WHAT YOU SHOULD DO —
Only the pictures should be left out; write out all other data exactly.

SOURCE DATA —
++++

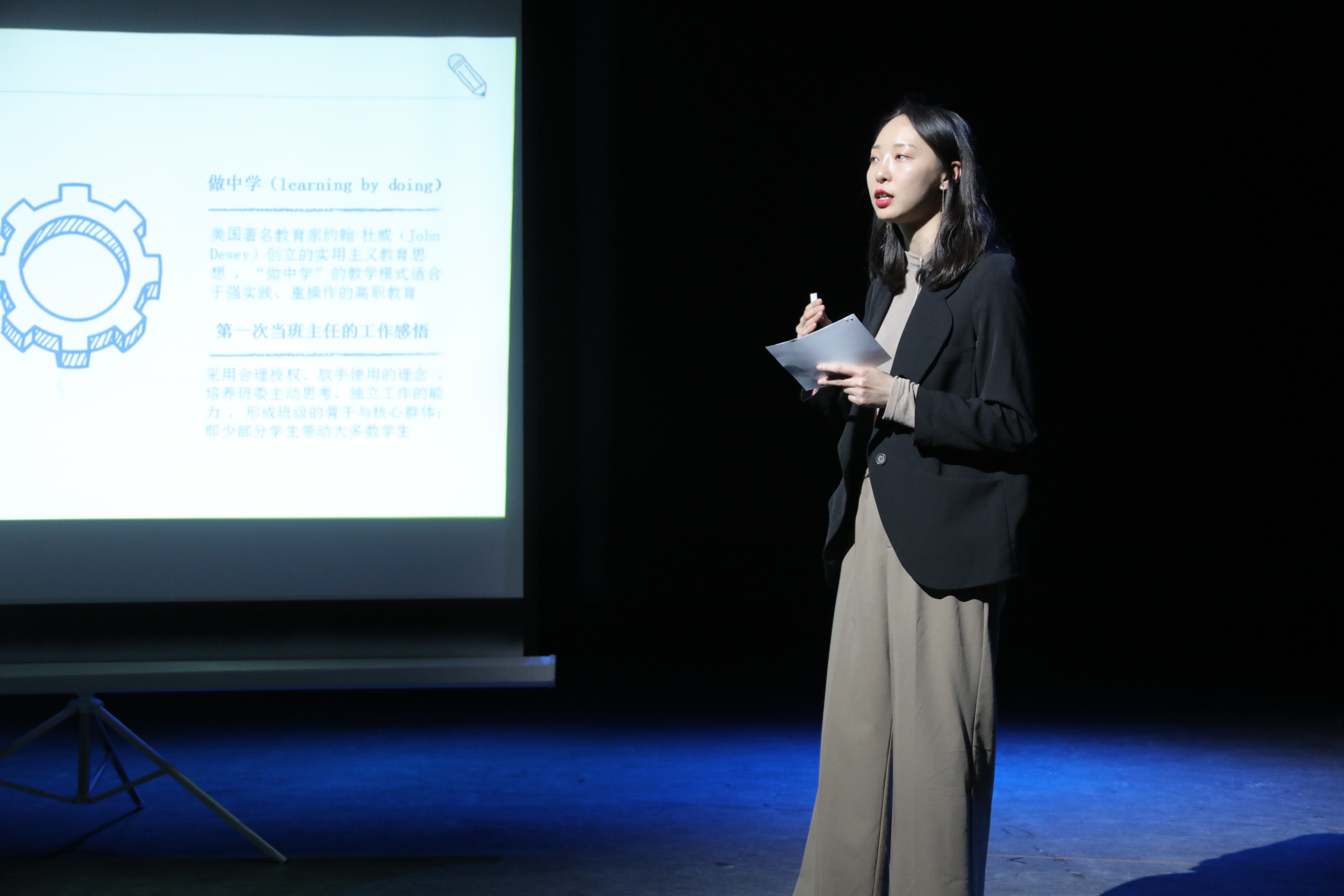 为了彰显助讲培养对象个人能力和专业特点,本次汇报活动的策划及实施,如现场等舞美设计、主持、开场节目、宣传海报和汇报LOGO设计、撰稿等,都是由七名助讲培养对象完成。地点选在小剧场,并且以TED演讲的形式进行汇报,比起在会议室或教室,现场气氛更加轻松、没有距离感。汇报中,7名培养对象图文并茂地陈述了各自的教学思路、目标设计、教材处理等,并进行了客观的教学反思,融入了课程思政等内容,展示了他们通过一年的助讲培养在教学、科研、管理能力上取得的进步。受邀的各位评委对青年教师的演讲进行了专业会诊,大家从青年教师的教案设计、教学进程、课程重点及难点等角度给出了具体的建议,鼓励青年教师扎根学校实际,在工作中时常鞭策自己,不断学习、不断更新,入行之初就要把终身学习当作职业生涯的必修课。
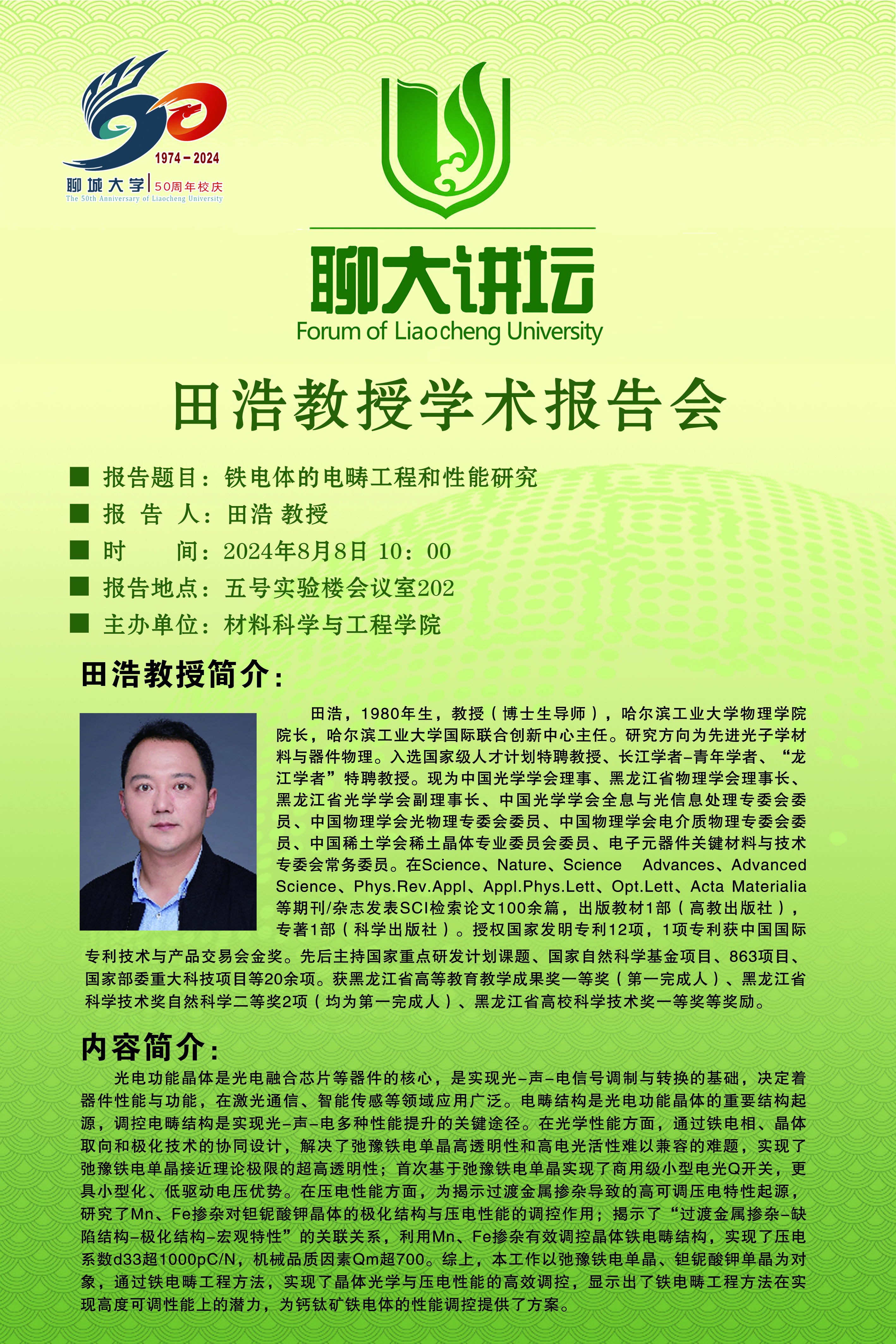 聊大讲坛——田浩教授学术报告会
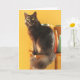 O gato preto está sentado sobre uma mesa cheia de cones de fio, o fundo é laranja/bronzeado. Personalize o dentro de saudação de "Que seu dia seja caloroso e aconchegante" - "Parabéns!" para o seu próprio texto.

++++

SOLUTION FOR THIS EXERCISE —
 为了彰显助讲培养对象个人能力和专业特点,本次汇报活动的策划及实施,如现场等舞美设计、主持、开场节目、宣传海报和汇报LOGO设计、撰稿等,都是由七名助讲培养对象完成。地点选在小剧场,并且以TED演讲的形式进行汇报,比起在会议室或教室,现场气氛更加轻松、没有距离感。汇报中,7名培养对象图文并茂地陈述了各自的教学思路、目标设计、教材处理等,并进行了客观的教学反思,融入了课程思政等内容,展示了他们通过一年的助讲培养在教学、科研、管理能力上取得的进步。受邀的各位评委对青年教师的演讲进行了专业会诊,大家从青年教师的教案设计、教学进程、课程重点及难点等角度给出了具体的建议,鼓励青年教师扎根学校实际,在工作中时常鞭策自己,不断学习、不断更新,入行之初就要把终身学习当作职业生涯的必修课。
 聊大讲坛——田浩教授学术报告会
 O gato preto está sentado sobre uma mesa cheia de cones de fio, o fundo é laranja/bronzeado. Personalize o dentro de saudação de "Que seu dia seja caloroso e aconchegante" - "Parabéns!" para o seu próprio texto.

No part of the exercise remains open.